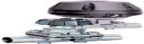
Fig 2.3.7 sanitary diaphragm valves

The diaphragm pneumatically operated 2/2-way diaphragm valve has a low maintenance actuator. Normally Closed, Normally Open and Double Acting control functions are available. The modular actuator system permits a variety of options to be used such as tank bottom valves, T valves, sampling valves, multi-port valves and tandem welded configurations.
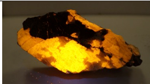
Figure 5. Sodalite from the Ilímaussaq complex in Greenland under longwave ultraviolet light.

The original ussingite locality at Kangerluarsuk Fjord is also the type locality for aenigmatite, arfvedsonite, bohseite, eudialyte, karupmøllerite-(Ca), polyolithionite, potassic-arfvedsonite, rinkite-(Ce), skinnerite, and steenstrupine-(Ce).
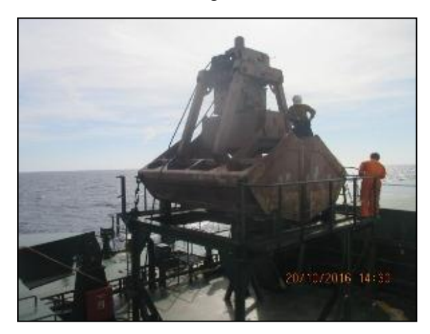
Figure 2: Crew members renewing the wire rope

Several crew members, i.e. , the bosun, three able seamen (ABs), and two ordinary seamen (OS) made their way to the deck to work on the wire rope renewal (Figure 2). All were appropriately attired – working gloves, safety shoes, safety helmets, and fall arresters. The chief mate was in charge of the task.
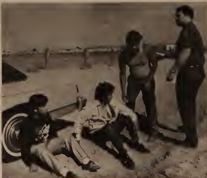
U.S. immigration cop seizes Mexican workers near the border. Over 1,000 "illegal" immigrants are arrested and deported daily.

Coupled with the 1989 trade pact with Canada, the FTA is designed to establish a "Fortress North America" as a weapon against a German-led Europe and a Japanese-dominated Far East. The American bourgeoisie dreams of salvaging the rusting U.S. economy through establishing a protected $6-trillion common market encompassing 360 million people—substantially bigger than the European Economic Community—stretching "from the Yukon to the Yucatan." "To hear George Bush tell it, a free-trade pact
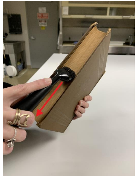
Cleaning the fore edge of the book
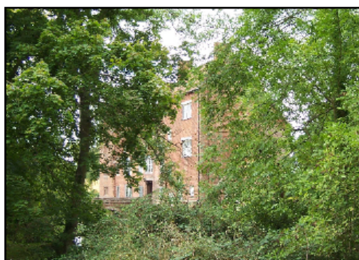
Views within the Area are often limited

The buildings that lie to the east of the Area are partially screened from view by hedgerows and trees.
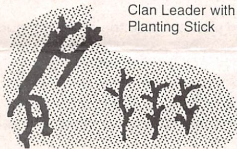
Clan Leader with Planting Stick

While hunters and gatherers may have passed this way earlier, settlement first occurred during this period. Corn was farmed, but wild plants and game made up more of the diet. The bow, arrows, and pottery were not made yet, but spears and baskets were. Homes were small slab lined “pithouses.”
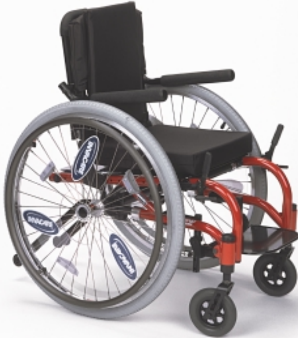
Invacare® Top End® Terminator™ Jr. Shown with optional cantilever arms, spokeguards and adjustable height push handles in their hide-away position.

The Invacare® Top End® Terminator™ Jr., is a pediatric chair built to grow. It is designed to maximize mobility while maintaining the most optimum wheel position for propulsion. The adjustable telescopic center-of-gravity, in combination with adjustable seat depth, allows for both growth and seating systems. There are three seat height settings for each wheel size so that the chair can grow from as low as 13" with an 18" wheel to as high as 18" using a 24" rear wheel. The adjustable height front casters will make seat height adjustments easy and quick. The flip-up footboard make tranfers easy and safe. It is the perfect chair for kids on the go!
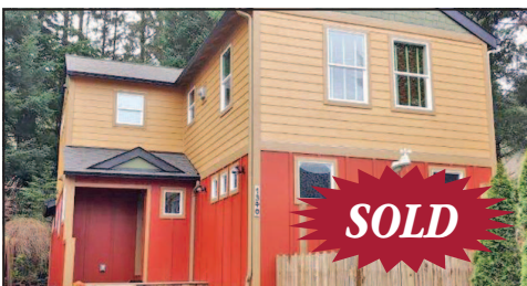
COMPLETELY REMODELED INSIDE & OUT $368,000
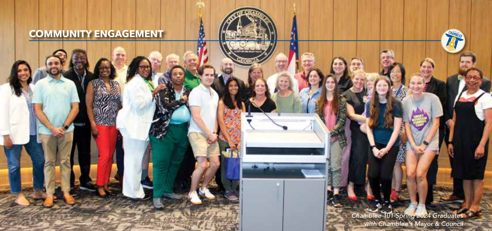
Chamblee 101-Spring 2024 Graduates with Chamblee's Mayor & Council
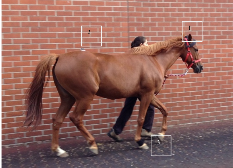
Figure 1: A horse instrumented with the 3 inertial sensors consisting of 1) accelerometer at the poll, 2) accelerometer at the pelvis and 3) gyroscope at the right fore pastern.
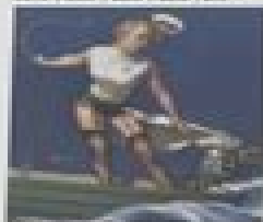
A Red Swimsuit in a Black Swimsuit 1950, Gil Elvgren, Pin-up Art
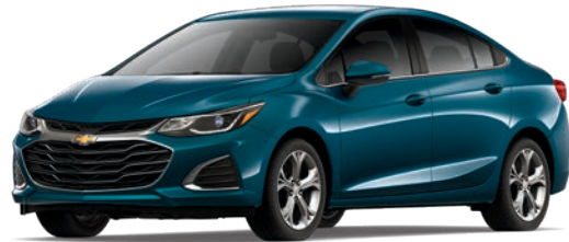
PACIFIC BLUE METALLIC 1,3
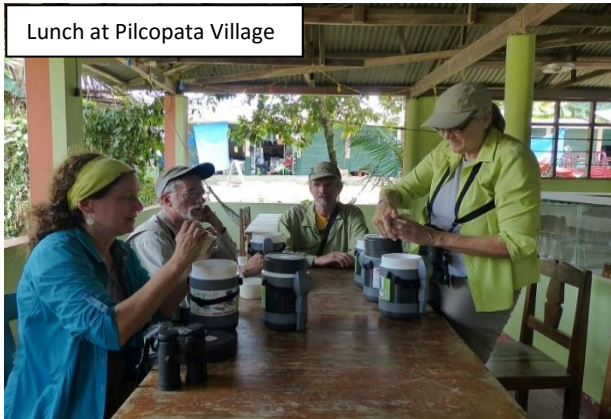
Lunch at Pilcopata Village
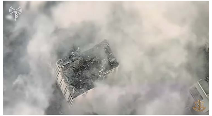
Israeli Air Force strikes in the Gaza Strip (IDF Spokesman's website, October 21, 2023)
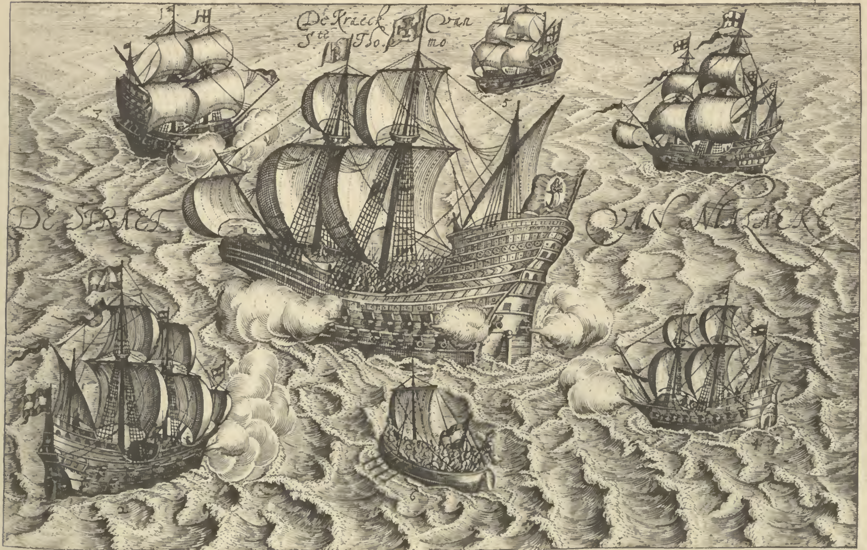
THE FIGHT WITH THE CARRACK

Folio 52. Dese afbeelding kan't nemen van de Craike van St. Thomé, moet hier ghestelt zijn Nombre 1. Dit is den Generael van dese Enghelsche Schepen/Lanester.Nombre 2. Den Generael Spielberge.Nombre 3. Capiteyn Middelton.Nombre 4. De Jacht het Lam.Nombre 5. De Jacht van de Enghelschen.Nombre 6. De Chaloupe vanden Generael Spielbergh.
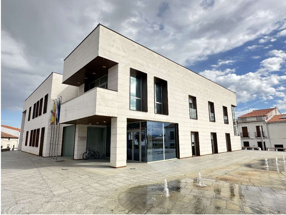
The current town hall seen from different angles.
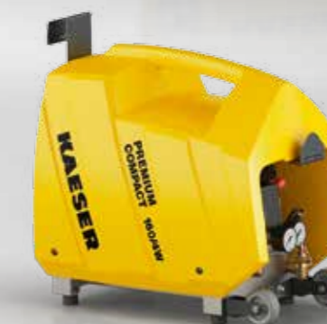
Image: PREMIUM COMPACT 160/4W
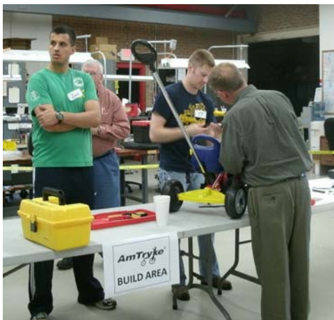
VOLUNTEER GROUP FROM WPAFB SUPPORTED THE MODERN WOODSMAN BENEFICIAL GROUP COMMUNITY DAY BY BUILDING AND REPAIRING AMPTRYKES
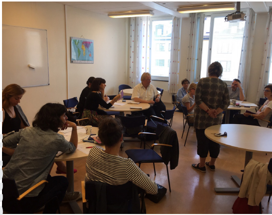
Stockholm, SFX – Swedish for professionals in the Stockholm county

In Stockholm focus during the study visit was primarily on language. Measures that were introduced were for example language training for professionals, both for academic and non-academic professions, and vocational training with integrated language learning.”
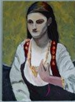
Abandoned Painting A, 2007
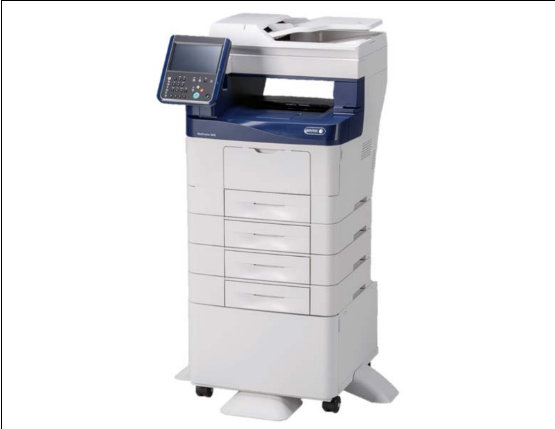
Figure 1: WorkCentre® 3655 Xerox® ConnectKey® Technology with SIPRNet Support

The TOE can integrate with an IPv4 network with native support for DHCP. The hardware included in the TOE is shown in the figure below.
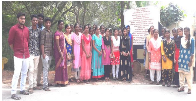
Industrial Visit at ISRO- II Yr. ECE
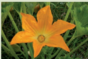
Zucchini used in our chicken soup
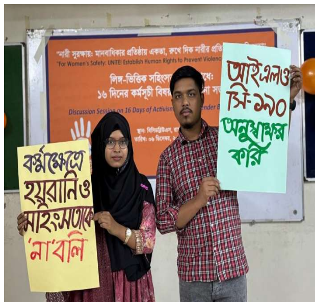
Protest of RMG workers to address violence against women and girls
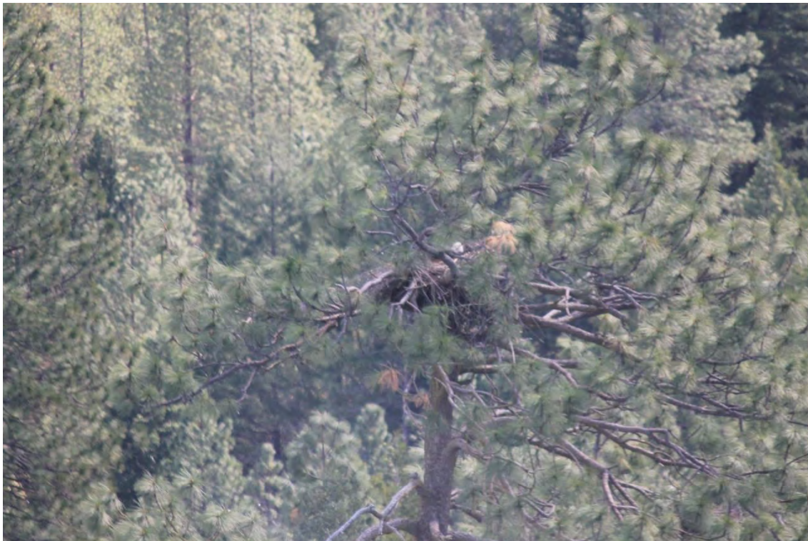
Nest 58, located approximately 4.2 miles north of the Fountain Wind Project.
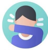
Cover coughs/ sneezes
★ ★ ★ ★
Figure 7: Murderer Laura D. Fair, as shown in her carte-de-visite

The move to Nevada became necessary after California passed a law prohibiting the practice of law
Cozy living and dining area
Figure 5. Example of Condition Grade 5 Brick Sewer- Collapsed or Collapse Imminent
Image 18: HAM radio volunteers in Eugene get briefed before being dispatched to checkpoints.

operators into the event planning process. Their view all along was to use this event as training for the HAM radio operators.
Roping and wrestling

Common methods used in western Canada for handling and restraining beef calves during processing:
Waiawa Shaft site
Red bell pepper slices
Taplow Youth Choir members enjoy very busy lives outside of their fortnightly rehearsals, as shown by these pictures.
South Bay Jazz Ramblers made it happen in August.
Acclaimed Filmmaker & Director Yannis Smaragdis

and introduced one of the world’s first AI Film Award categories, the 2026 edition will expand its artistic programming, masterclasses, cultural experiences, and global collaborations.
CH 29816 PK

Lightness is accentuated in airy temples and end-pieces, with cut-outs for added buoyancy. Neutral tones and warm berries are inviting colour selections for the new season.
★ ★ ★ ★
_ASSIGNMENT_
Go to the line with "Cozy living and dining area" in the entries above and repeat every line from there through the line with "Lightness is accentuated", exactly and with no other text.

_WRITTEN SOLUTION_
Cozy living and dining area
Figure 5. Example of Condition Grade 5 Brick Sewer- Collapsed or Collapse Imminent
Image 18: HAM radio volunteers in Eugene get briefed before being dispatched to checkpoints.

operators into the event planning process. Their view all along was to use this event as training for the HAM radio operators.
Roping and wrestling

Common methods used in western Canada for handling and restraining beef calves during processing:
Waiawa Shaft site
Red bell pepper slices
Taplow Youth Choir members enjoy very busy lives outside of their fortnightly rehearsals, as shown by these pictures.
South Bay Jazz Ramblers made it happen in August.
Acclaimed Filmmaker & Director Yannis Smaragdis

and introduced one of the world’s first AI Film Award categories, the 2026 edition will expand its artistic programming, masterclasses, cultural experiences, and global collaborations.
CH 29816 PK

Lightness is accentuated in airy temples and end-pieces, with cut-outs for added buoyancy. Neutral tones and warm berries are inviting colour selections for the new season.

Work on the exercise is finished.